Sir Vaughan Frederick Randal Jones   (31 December 19526 September 2020) was a New Zealand mathematician known for his work on von Neumann algebras and knot polynomials. He was awarded a Fields Medal in 1990.

Early life
Jones was born in Gisborne, New Zealand, on 31 December 1952.  He was brought up in Cambridge, New Zealand, where he attended St Peter's School.  He subsequently transferred to Auckland Grammar School after winning the Gillies Scholarship, and graduated in 1969 from Auckland Grammar.  He went on to complete his undergraduate studies at the University of Auckland, obtaining a BSc in 1972 and an MSc in 1973.  For his graduate studies, he went to Switzerland, where he completed his PhD at the University of Geneva in 1979.  His thesis, titled Actions of finite groups on the hyperfinite II1 factor, was written under the supervision of André Haefliger, and won him the Vacheron Constantin Prize.

Career
Jones moved to the United States in 1980.  There, he taught at the University of California, Los Angeles (1980–1981), and the University of Pennsylvania (1981–1985), before being appointed as professor of mathematics at the University of California, Berkeley.  His work on knot polynomials, with the discovery of what is now called the Jones polynomial, was from an unexpected direction with origins in the theory of von Neumann algebras, an area of analysis already much developed by Alain Connes.  It led to the solution of a number of classical problems of knot theory, to increased interest in low-dimensional topology, and the development of quantum topology.
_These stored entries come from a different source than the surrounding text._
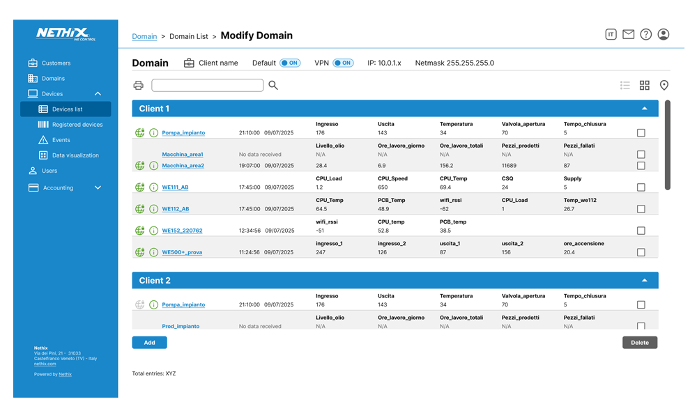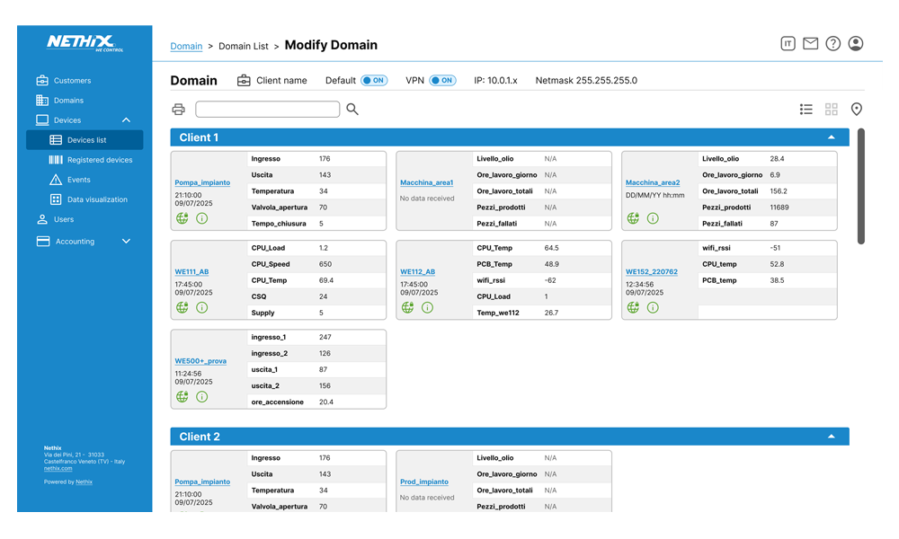 Nethix Cloud offers a VPN service, that allows to establish a private and secure connection between the devices and the users. It's thus possible to read the data in real time and change the device configuration, connecting directly to the integrated Web Interface. All devices included in the same VPN Network can also communicate with each other, establishing remote automation logics.
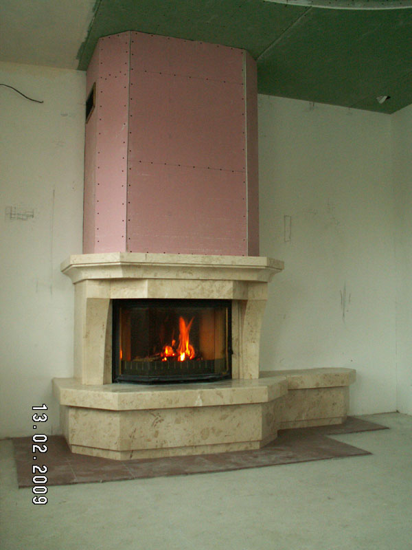 Облицовка: натуральный камень Crema Marfil с дополнительной правосторонней банкеткой
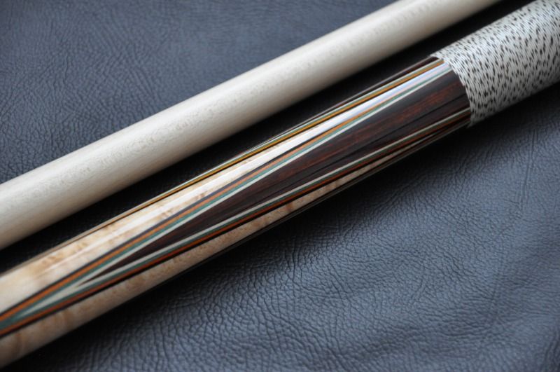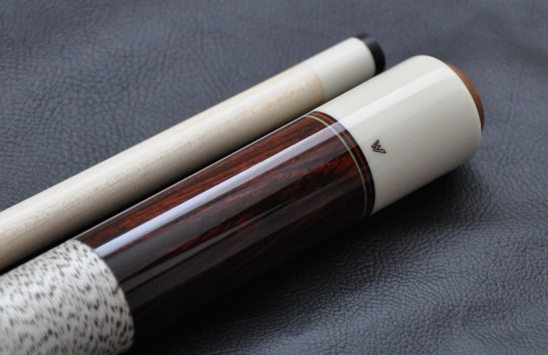 Alright, last Kenny Murrell for the night. The wood in this cue is absolutely awesome and my photos really do not show how red and fiery it is. It almost looks like Cocobolo.
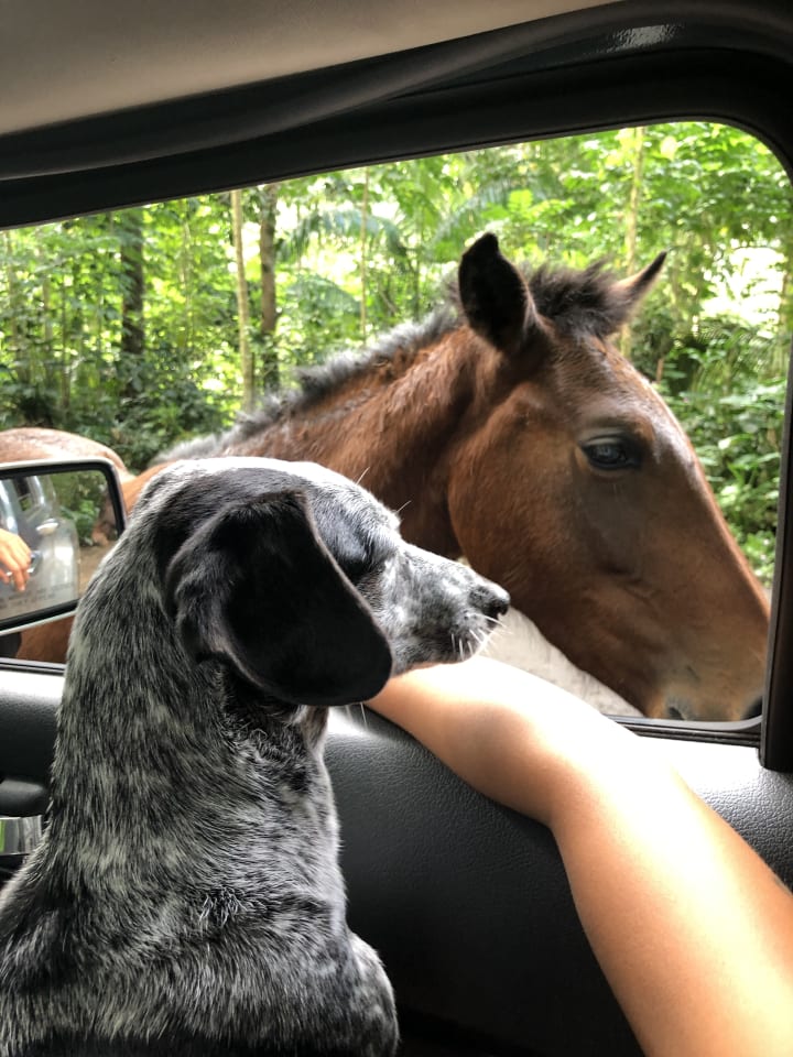Our adventures together have been truly epic. I brought her everywhere. To my favorite coffee shops, on every hike, to the ocean to see dolphins, on the river, to the jungle to chase waterfalls, and above the clouds among the Ironwood trees, and before she passed, we hiked up one of the tallest mountains on earth. She was my rock. Where ever she was, I was home.
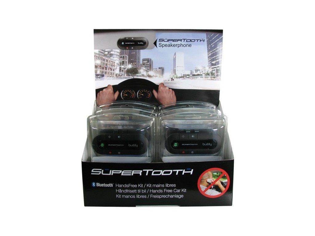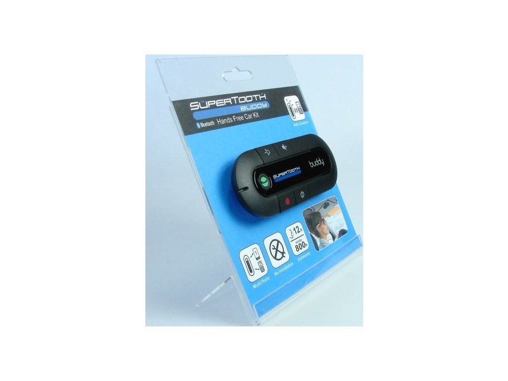 Nové přenosné Bluetooth handsfree Supertooth Buddy je ideálním společníkem pro pohodlné a bezpečné telefonování na cestách bez pokut. Buddy zaujme svou velikostí (pouze 129 x 49 x 14,6 mm), jako ostatní handsfree Supertooth se umísťuje na sluneční clonu v interiéru vozidla - toto řešení skýtá mnoho výhod. Necloní při výhledu z vozidla, zároveň je blízko hlavy řidiče pro perfektní kvalitu hovoru. Handsfree podporuje funkci Multipoint, umí být zároveň spojen se dvěma telefony najednou. Supertooth Buddy podporuje funkce: DSP pro potlačení okolního šumu, plně duplexní režim, AutoConnect - automatické spojení s telefonem, AutoPairing - funkce automatického párování a plná kompatibilita se všemi telefony vybavené Bluetooth. To vše v kompaktním celku s prodlouženou výdrží baterie (20 hodin hovoru) v elegantním kompaktním designu. Díky novému vylepšenému mikrofonu zajišťuje BUDDY čistý zvuk bez ozvěn. Tradice značky Supertooth Vám zajistí klidné telefonování na cestách.
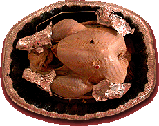 i moved the 12 lbs. turkey onto a roasting rack inside an aluminum baking tray. at 1:30 the turkey went into the oven at 325 degrees, and a little bit after 3 hours, the disposable turkey thermometer that i
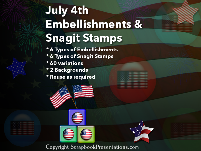 July 4th Scrapbook Embellishments + Snagit Stamps
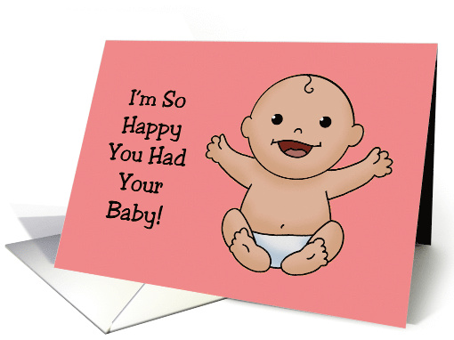 Humorous congratulations card for having a baby girl. The front shows a happy baby on a pink background, and the words, I'm so happy you had your baby! Inside says, I was afraid she would run out of womb! Congratulations!
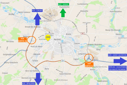 Situé au 400 rue Colbert à Amiens, le CFD bénéficie d’un emplacement privilégié :
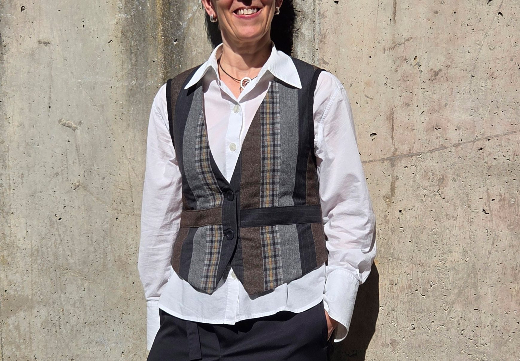 • Genau an den Artikel hab ich auch gedacht! Du nähst die Stoffe so zusammen, wie sie dir gefallen, dann schneidest du die Weste zu und fütterst sie. Fettich! ......und wir stehen mit offenem Mund da und staunen, weil du die Stoffe wieder so schön arrangiert hast......❤
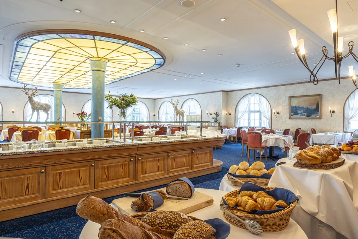 The perimeter layout creates a diners’ zone surrounded by fixed booths and banquettes.
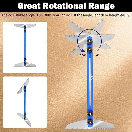 UNIVERSAL STAIR TREADS GAUGE TEMPLATE TOOL - Stair tread template tool enables the treadle installer to measure the length and angle easily and accurately without a measuring tape. Easy to use and save plenty of time for measurement. No more shoddy stairs after easy operation. ADJUSTABLE ANGLE - Stair measurement layout tool works well to measure stair treads, risers and shelves. The adjustable angle is 0°- 300°, you can adjust the angle, length or height according to your need. Shelf layout tool & stair tread jig can be widely used in many woodworking environments, specially designed for laying out wooden stair treads, wooden floors, closet and windowsill. Nice choice for DIY woodworking. PREMIUM QUALITY - Stair jig tool are made of superior aluminum alloy, durable and wear resistant. The surface is treated by anodizing to prevent discoloration in high-temperature environments or wet condition. The scale is etched by laser for better accuracy. Bolts are portable and reusable. Complete kit for direct fit! EASY TO USE - Adjust the 4 knobs and you can change the length of the stair measuring tool easily and secure the tool. Package includes two sets of extension parts with a length of 16 inches (No.A), 12 inches (No.B) and 8 inches (No.C). You can freely combine according to your needs. while measuring the length and width of the wooden board, the ruler on both sides of the stair tread tool can also change the angle to meet the shape of the stair corner. BUY WITH CONFIDENCE - Shelf scribe tool for stairs comes with 1-YEAR Warranty, if you have any questions while using this stair tread with scale to measure the stairs, risers, shelves, windowsills, closets and cabinets, please don't hesitate to contact us for a replacement. We will reply your email as soon as possible!
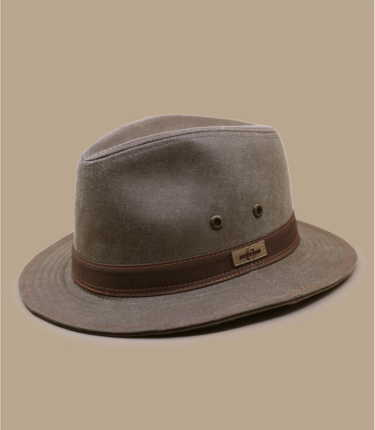 Mit diesem Fedora Hut in der Farbe Taupe sehen Sie wie ein Abenteurer aus und haben maximalen Spaß daran, ihn zu tragen. Er ist kompakt, strapazierfähig und bequem, seine Ösen sorgen für eine gute Belüftung. Ein Lederriemen umschließt den Hut und verleiht Ihnen einen vornehmen Look.
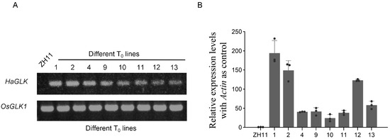 Molecular identification of HaGLK transgenic lines. (A) PCR identification of HaGLK transgenic rice; (B) relative expression of HaGLK by quantitative real-time PCR (qPCR). Each dot represents a biological replicate.
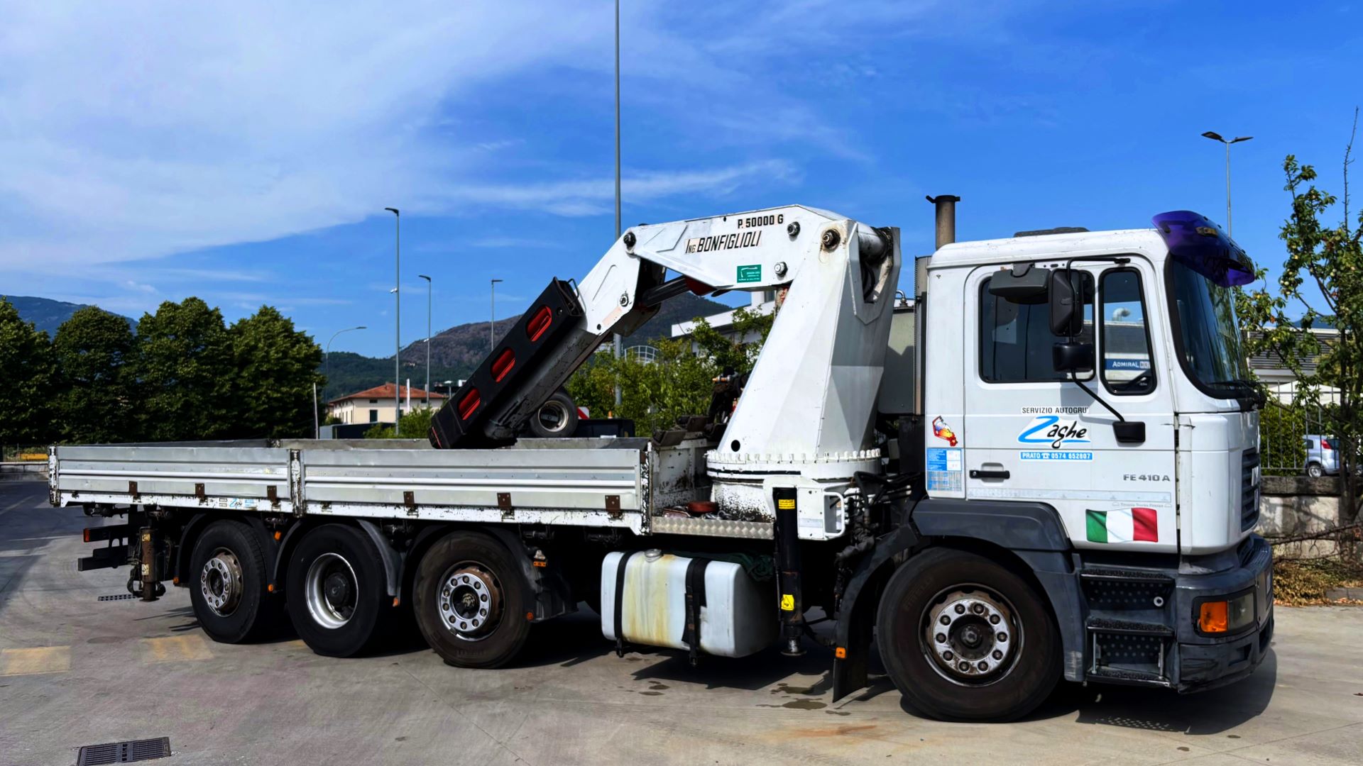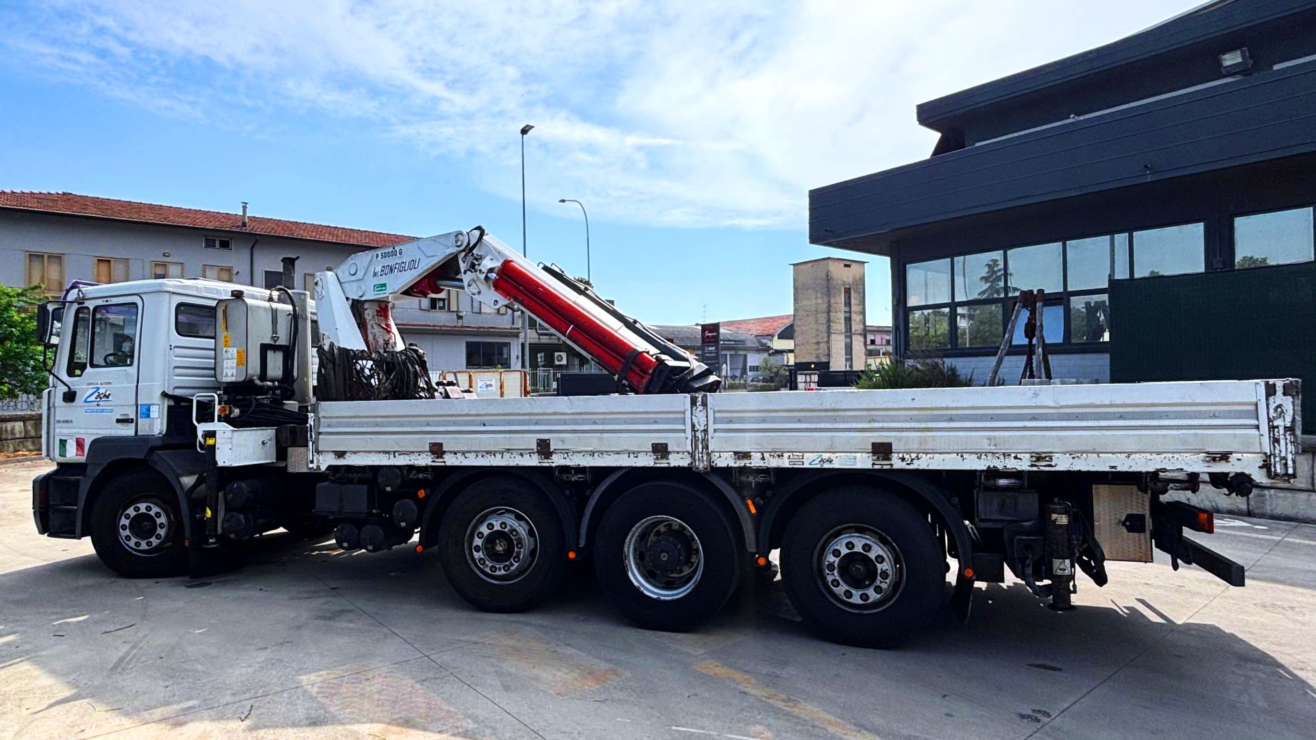 Il Camion Gru MAN F2000 400 CV a 4 assi, equipaggiato con gru Bonfiglioli G50000, rappresenta una soluzione versatile per operazioni di sollevamento sia in ambienti aperti che spazi chiusi.

Jones taught at Vanderbilt University as Stevenson Distinguished Professor of mathematics from 2011 until his death.  He remained Professor Emeritus at University of California, Berkeley, where he had been on the faculty from 1985 to 2011 and was a Distinguished Alumni Professor at the University of Auckland.

Jones was made an honorary vice-president for life of the International Guild of Knot Tyers in 1992.  The Jones Medal, created by the Royal Society of New Zealand in 2010, is named after him.

Personal life
Jones met his wife, Martha Myers, during a ski camp for foreign students while they were studying in Switzerland.  She was there as a Fulbright scholar, and subsequently became an associate professor of medicine, health and society.  Together, they have three children.

Jones died on 6 September 2020 at age 67 from health complications resulting from a severe ear infection.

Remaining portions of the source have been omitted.